As many as 80% of women with high-grade serous ovarian cancer experience a relapse after initially responding to chemotherapy. When the cancer comes back, it is more difficult to treat, because it will have spread to the pelvis and abdomen, or even the lungs. The current standard treatment for recurrent ovarian cancer is chemotherapy, which often causes significant side effects. Even in the setting of initial response, resistance to chemotherapy eventually develops. Therefore, researchers have been exploring alternate regimens using targeted drugs, with the goal of overcoming such treatment resistance.
Ninety women with recurrent, platinum-sensitive (disease that responds to treatment with platinum-based chemotherapy), high-grade serous or BRCA mutation-related ovarian cancer, were randomly assigned to treatment with olaparib alone or olaparib plus cediranib. The women had no prior treatment with anti-angiogenic drugs in the setting of recurrent ovarian cancer or PARP inhibitors.
Tumor shrinkage rates were markedly higher in the combination arm than in the olaparib arm (80 versus 48%). Five patients in the combination arm and two patients in the olaparib alone arm had a complete remission.

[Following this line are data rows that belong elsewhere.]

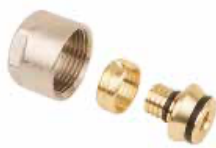
Raccord à visser eurocone (3/4"F)
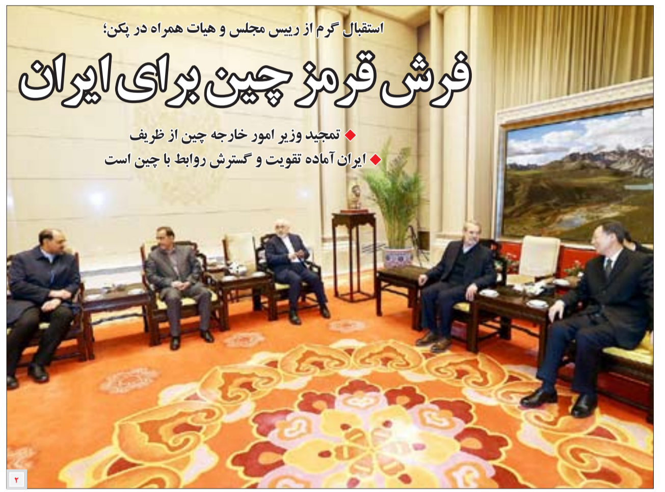
استقبال گرم از رئیس مجلس و هیات همراه در بکن؛
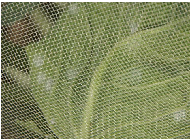
Abb. 18: Eiablage der Weissen Fliege an Rosenkohl unter einem Kulturschutznetz (mit 0.9 mm Maschenweite) im Spätsommer.

Zum Abhalten der Weissen Fliegen an Blumenkohl, Broccoli oder Wirz können feinmaschige Kulturschutznetze mit 0.5-0.8 mm Maschenweite verwendet werden. Frühzeitig eingesetzt, lässt sich der Befall zumindest bis in den August hinein auf einem relativ tiefen Niveau halten. Bei Bedarf ist der Netzeinsatz mit Pflanzenschutzmittel-Behandlungen zu kombinieren. In Kulturen mit langer Standzeit wie z.B. Rosenkohl ist die Wirksamkeit von Kulturschutznetzen unzureichend. Im Zuge der sommerlichen Massenvermehrung passieren vermehrt Weisse Fliegen die Netze (Abb. 18), so dass zwischen August und Oktober eine ähnlich starke Befallszunahme zu beobachten ist wie in ungedeckten Kulturen.
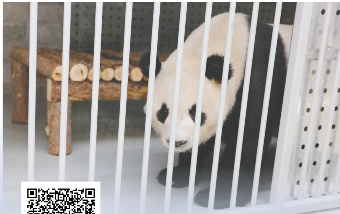
大熊猫“茜茜”刚到新家比较害羞。
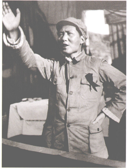
在党的六届六中全会上，毛泽东作出了“派兵去山东”的决定

按照毛泽东的指示，1939年3月，在政委罗荣桓、代师长陈光的率领下，八路军第一一五师主力挺进山东，不久进入沂蒙。在长达6年多的时间里，第一一五师在沂蒙山区纵横驰骋，英勇斗争，为中国抗日战争的胜利作出了重要贡献。
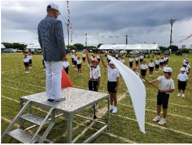
両団長による誓いの言葉

9/26（日），令和3年度早町小運動会を開催しました。今年度も午前中のみでの開催とし，昨年度より更に規模を縮小した運動会となりました。しかし，子供たちは，運動会ができることに感謝しながら，練習の成果を発表することができました。
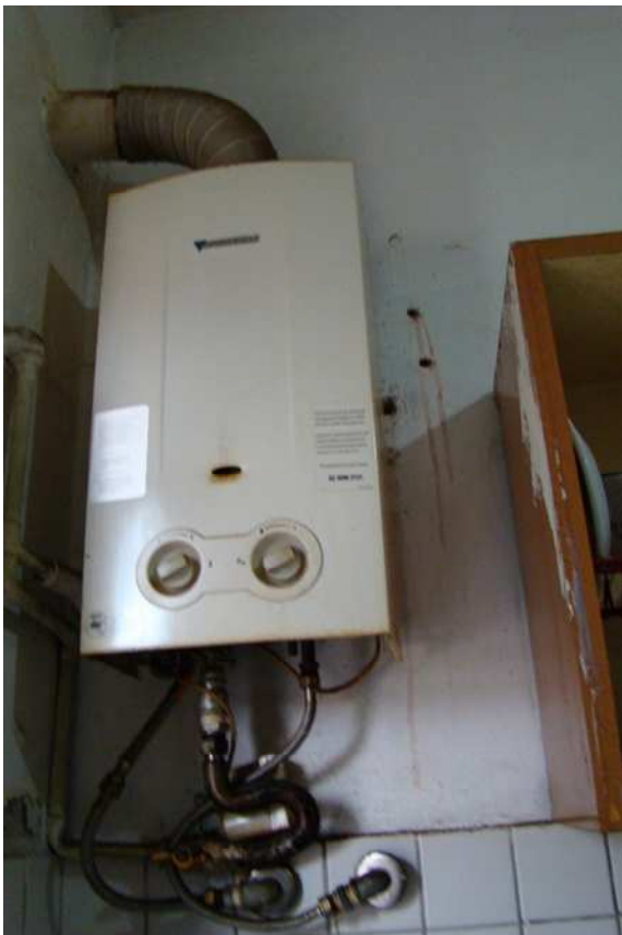
14. Dettaglio della caldaia per la produzione dell'acqua calda.
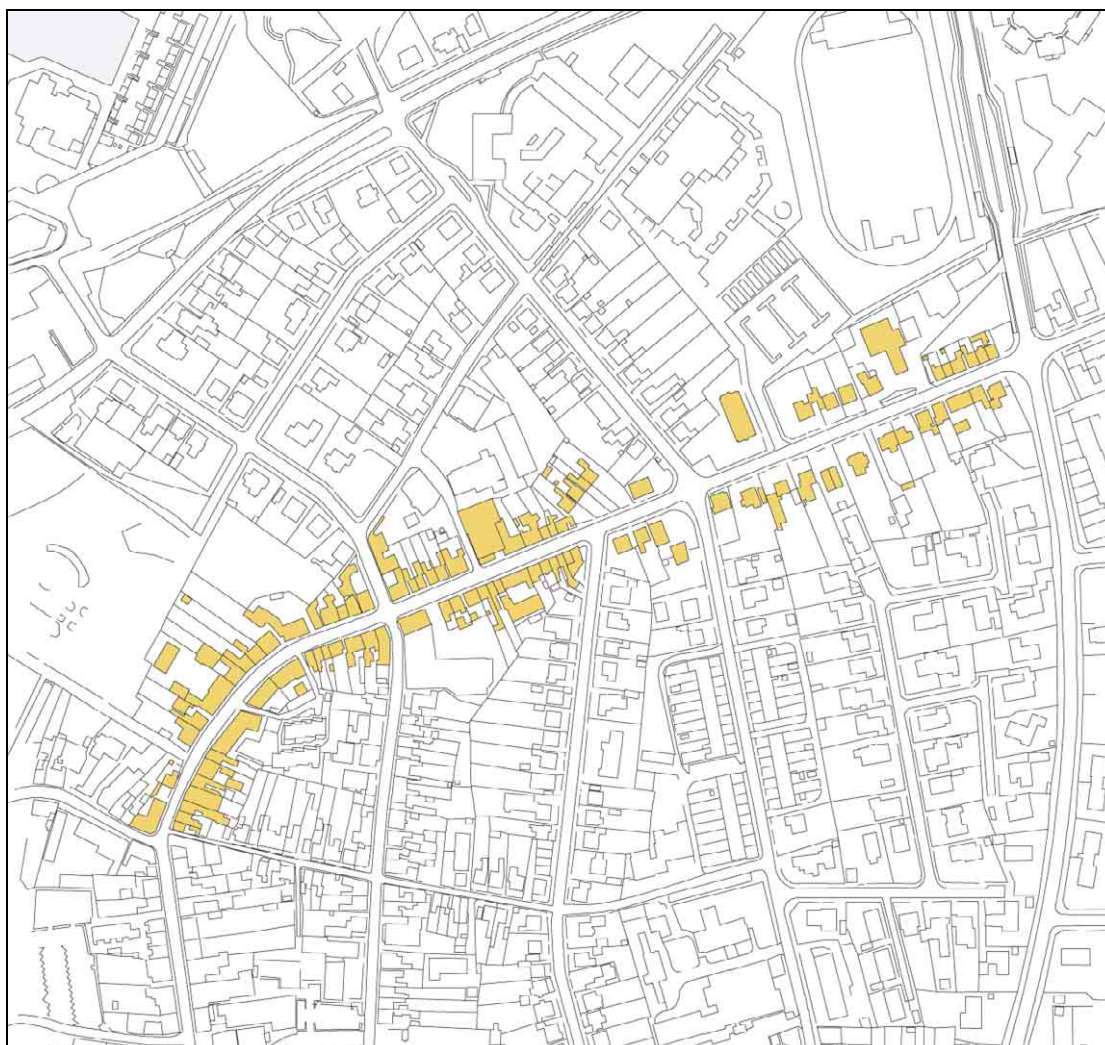
Nørrebro, kortudsnit i mål 1:4000

Nørrebro er et bebygget stykke af landevejen fra nord til byen. Den rummer velbevarede udviklingstræk og huse fra en bestemt tidsperiode i Rudkøbings historie. Gaden sammensættes af to rumlige afsnit, det inderste er en runding af landevejen som blev bebygget ca. 1840-1860 med håndværkerhuse, enkelte købmandsgårde, industrier og erhvervs-ejendomme, det yderste er udstykket efter en lineal og bebygget som et arbejder- og industrikvarter ca. 1860-1880. Nørrebro er repræsentativ for 1800-årenes byudvikling. Bebyggelsen har bevaret det oprindelige udtryk på trods af ombygninger og facadeændringer og fremstår som et kulturmiljø af betydning for Langelandsområdet.
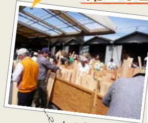
大人気! 木材の販売

全国から集められた銘木や一枚板から 親子で楽しむ木工教室に家づくりのご相談まで。 木の情報がたくさん詰まったクラモクへ 遊びに行こう! 屋台もいっぱい来るよー!!
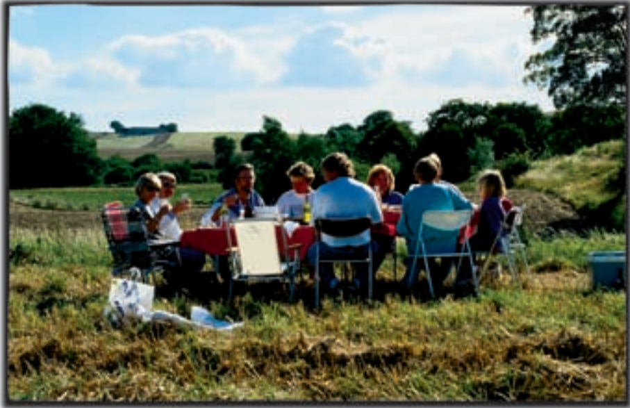
Figur 2-7. Mere fritid betyder bl.a. en større rekreativ udnyttelse af det åbne land

modificerede produkter, der indeholder alle nødvendige vitaminer og mineraler, og som er garanteret fri for “naturlige” sygdomsfremkaldende bakterier.
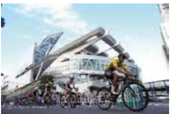
国際自転車競技大会の様子
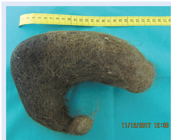
Slika 2. Trihobezoar želuca i početnog dijela duodenuma.

Dlake se nakupljaju u želucu jer nisu podložne razgradnji želučanim enzimima. Zbog svoje glatke površine prilikom djelovanja peristaltike ne giba-
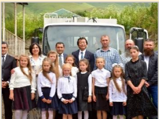
ゴミ収集車両整備
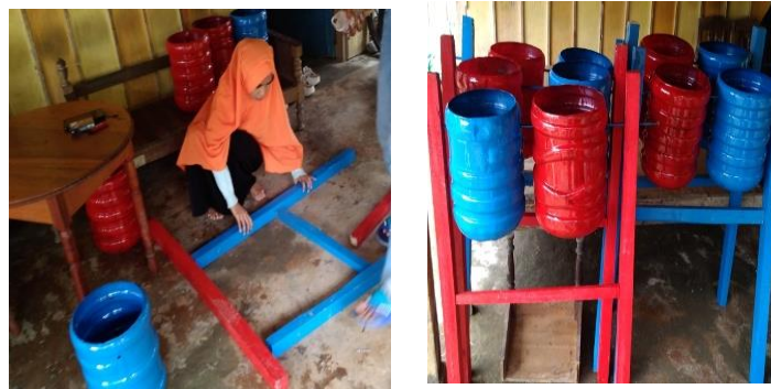
Gambar 3. Pembuatan Tong Sampah

Pada tanggal 16 september 2020 mahasiswa melakukan program kerja yaitu membuat tong sampah organik dan anorganik yang nantinya akan dipasang ditempat-tempat umum diDesa Lapao-pao. Kegiatan ini dilaksanakan selama dua hari, lokasi pembuatan diposko KKN dan pemasangan/finising dilakukan pada tanggal 23 september 2020. Pada tanggal 23 september 2020 mahasiswa melanjutkan program kerja pembuatan tong sampah organik dan anorganik yaitu pemasangan ditempat-tempat umum seperti masjid, kantor kelurahan dan posyandu Desa Lapao-pao.

The combination treatment substantially delayed disease progression, with a progression-free survival of 17.7 months compared to nine months for olaparib alone. Past trials of standard chemotherapy in the platinum-sensitive setting have demonstrated progression-free survival times between eight and 13 months.
This study was supported by the National Cancer Institute, National Institutes of Health.